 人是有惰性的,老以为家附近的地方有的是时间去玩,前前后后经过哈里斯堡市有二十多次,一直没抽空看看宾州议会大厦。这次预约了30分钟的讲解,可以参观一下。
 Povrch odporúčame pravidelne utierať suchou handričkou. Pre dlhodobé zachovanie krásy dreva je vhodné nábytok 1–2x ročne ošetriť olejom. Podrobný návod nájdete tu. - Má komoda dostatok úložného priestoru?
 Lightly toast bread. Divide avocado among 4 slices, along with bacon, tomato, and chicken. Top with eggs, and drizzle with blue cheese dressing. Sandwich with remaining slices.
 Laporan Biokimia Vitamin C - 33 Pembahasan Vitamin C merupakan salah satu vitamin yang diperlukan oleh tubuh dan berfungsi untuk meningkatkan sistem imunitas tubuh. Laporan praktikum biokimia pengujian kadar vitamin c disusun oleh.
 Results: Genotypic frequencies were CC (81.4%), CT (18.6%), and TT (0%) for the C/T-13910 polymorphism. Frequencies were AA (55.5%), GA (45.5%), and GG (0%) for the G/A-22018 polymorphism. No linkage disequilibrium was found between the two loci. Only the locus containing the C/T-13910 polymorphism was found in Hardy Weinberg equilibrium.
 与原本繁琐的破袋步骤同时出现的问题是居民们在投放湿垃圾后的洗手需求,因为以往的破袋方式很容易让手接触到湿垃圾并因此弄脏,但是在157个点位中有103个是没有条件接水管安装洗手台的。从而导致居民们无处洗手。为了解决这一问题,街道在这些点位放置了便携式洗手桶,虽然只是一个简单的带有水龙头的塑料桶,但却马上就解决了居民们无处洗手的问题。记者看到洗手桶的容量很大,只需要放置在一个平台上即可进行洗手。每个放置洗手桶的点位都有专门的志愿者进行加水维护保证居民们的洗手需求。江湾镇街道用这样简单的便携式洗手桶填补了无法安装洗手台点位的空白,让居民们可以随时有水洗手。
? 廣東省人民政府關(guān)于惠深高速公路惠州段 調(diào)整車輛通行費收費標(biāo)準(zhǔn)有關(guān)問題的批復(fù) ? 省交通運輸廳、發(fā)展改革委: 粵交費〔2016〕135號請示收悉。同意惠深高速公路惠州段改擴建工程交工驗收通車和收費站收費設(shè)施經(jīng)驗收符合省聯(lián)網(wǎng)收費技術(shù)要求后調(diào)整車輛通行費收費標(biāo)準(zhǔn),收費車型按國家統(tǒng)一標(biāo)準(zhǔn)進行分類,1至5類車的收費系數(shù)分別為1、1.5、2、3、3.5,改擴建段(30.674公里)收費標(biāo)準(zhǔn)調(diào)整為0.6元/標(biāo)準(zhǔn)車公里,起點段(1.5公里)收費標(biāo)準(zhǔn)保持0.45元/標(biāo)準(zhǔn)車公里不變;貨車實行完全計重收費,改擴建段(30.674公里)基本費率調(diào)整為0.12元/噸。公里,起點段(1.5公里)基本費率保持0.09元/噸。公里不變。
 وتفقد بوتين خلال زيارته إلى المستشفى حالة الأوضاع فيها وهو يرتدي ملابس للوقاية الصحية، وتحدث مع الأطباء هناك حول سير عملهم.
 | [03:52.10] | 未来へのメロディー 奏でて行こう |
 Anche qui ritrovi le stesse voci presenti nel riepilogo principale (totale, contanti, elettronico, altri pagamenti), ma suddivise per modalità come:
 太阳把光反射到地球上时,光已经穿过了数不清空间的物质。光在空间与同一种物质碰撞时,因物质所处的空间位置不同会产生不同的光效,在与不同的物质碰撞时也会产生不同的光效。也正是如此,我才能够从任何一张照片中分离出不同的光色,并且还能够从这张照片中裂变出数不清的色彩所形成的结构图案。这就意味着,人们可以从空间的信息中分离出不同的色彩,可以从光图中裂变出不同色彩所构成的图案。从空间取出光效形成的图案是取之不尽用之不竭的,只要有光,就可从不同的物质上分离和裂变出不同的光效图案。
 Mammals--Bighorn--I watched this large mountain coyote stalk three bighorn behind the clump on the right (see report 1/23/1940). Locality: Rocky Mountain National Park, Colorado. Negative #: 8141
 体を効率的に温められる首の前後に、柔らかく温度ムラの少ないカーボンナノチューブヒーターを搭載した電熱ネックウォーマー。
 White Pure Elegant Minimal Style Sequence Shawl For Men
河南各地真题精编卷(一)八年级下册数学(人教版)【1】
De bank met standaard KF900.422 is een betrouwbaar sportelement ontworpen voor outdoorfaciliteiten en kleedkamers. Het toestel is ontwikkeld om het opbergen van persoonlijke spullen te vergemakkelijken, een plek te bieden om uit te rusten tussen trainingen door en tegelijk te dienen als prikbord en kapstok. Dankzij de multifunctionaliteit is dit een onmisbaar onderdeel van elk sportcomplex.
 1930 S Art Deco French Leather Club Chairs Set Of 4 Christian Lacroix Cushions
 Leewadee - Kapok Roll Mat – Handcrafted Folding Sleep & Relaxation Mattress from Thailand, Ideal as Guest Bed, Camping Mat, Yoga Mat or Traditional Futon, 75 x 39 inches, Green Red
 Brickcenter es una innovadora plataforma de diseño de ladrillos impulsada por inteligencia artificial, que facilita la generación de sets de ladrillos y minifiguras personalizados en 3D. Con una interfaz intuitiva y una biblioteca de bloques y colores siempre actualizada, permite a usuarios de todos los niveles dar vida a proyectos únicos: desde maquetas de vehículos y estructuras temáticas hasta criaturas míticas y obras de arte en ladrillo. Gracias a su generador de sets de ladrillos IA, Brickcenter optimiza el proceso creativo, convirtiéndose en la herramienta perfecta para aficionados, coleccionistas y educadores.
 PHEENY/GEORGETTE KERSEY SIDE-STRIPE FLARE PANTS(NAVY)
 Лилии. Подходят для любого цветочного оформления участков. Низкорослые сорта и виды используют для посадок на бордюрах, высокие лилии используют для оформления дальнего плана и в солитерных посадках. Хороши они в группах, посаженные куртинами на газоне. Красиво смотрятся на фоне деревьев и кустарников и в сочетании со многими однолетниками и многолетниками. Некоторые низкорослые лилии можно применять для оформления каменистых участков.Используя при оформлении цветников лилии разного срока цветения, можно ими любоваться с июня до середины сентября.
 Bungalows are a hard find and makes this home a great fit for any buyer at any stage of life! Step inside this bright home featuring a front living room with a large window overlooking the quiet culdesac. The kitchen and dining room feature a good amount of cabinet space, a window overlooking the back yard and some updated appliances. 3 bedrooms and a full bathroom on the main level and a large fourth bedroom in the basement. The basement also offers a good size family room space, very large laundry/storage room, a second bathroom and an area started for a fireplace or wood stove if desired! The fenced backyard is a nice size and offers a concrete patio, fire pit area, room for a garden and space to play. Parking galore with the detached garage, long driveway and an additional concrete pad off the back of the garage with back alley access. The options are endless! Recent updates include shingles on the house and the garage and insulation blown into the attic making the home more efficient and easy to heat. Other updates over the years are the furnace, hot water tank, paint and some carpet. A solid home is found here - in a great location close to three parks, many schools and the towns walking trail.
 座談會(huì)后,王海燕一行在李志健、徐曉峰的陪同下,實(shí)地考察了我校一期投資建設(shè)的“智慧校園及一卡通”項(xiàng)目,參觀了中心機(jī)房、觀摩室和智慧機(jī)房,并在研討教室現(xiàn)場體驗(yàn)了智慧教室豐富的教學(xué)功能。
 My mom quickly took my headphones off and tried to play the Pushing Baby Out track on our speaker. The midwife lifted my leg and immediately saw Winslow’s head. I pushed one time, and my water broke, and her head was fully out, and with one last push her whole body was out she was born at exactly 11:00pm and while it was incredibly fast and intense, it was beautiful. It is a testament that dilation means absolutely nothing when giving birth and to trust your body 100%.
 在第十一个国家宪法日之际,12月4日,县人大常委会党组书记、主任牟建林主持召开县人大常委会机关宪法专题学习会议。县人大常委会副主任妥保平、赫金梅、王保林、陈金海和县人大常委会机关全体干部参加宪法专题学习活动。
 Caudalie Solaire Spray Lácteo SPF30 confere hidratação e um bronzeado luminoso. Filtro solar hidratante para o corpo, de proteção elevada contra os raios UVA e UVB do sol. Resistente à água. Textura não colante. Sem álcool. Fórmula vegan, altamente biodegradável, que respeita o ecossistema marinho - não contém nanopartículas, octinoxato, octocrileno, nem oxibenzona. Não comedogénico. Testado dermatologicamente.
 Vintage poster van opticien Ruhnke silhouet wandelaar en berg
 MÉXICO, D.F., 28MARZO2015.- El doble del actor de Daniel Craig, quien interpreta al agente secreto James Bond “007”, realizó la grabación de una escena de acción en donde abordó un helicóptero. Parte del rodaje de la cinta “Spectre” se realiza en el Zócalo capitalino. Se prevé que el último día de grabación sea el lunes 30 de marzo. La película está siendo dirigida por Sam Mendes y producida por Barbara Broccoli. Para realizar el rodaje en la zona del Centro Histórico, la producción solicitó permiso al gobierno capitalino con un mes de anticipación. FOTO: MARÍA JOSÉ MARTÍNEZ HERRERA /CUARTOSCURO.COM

***

*Exercise*:
Beginning of the records through the line with "Anche qui ritrovi": return that span exactly and stop there.

*Solution to the problem*:
 人是有惰性的,老以为家附近的地方有的是时间去玩,前前后后经过哈里斯堡市有二十多次,一直没抽空看看宾州议会大厦。这次预约了30分钟的讲解,可以参观一下。
 Povrch odporúčame pravidelne utierať suchou handričkou. Pre dlhodobé zachovanie krásy dreva je vhodné nábytok 1–2x ročne ošetriť olejom. Podrobný návod nájdete tu. - Má komoda dostatok úložného priestoru?
 Lightly toast bread. Divide avocado among 4 slices, along with bacon, tomato, and chicken. Top with eggs, and drizzle with blue cheese dressing. Sandwich with remaining slices.
 Laporan Biokimia Vitamin C - 33 Pembahasan Vitamin C merupakan salah satu vitamin yang diperlukan oleh tubuh dan berfungsi untuk meningkatkan sistem imunitas tubuh. Laporan praktikum biokimia pengujian kadar vitamin c disusun oleh.
 Results: Genotypic frequencies were CC (81.4%), CT (18.6%), and TT (0%) for the C/T-13910 polymorphism. Frequencies were AA (55.5%), GA (45.5%), and GG (0%) for the G/A-22018 polymorphism. No linkage disequilibrium was found between the two loci. Only the locus containing the C/T-13910 polymorphism was found in Hardy Weinberg equilibrium.
 与原本繁琐的破袋步骤同时出现的问题是居民们在投放湿垃圾后的洗手需求,因为以往的破袋方式很容易让手接触到湿垃圾并因此弄脏,但是在157个点位中有103个是没有条件接水管安装洗手台的。从而导致居民们无处洗手。为了解决这一问题,街道在这些点位放置了便携式洗手桶,虽然只是一个简单的带有水龙头的塑料桶,但却马上就解决了居民们无处洗手的问题。记者看到洗手桶的容量很大,只需要放置在一个平台上即可进行洗手。每个放置洗手桶的点位都有专门的志愿者进行加水维护保证居民们的洗手需求。江湾镇街道用这样简单的便携式洗手桶填补了无法安装洗手台点位的空白,让居民们可以随时有水洗手。
? 廣東省人民政府關(guān)于惠深高速公路惠州段 調(diào)整車輛通行費收費標(biāo)準(zhǔn)有關(guān)問題的批復(fù) ? 省交通運輸廳、發(fā)展改革委: 粵交費〔2016〕135號請示收悉。同意惠深高速公路惠州段改擴建工程交工驗收通車和收費站收費設(shè)施經(jīng)驗收符合省聯(lián)網(wǎng)收費技術(shù)要求后調(diào)整車輛通行費收費標(biāo)準(zhǔn),收費車型按國家統(tǒng)一標(biāo)準(zhǔn)進行分類,1至5類車的收費系數(shù)分別為1、1.5、2、3、3.5,改擴建段(30.674公里)收費標(biāo)準(zhǔn)調(diào)整為0.6元/標(biāo)準(zhǔn)車公里,起點段(1.5公里)收費標(biāo)準(zhǔn)保持0.45元/標(biāo)準(zhǔn)車公里不變;貨車實行完全計重收費,改擴建段(30.674公里)基本費率調(diào)整為0.12元/噸。公里,起點段(1.5公里)基本費率保持0.09元/噸。公里不變。
 وتفقد بوتين خلال زيارته إلى المستشفى حالة الأوضاع فيها وهو يرتدي ملابس للوقاية الصحية، وتحدث مع الأطباء هناك حول سير عملهم.
 | [03:52.10] | 未来へのメロディー 奏でて行こう |
 Anche qui ritrovi le stesse voci presenti nel riepilogo principale (totale, contanti, elettronico, altri pagamenti), ma suddivise per modalità come:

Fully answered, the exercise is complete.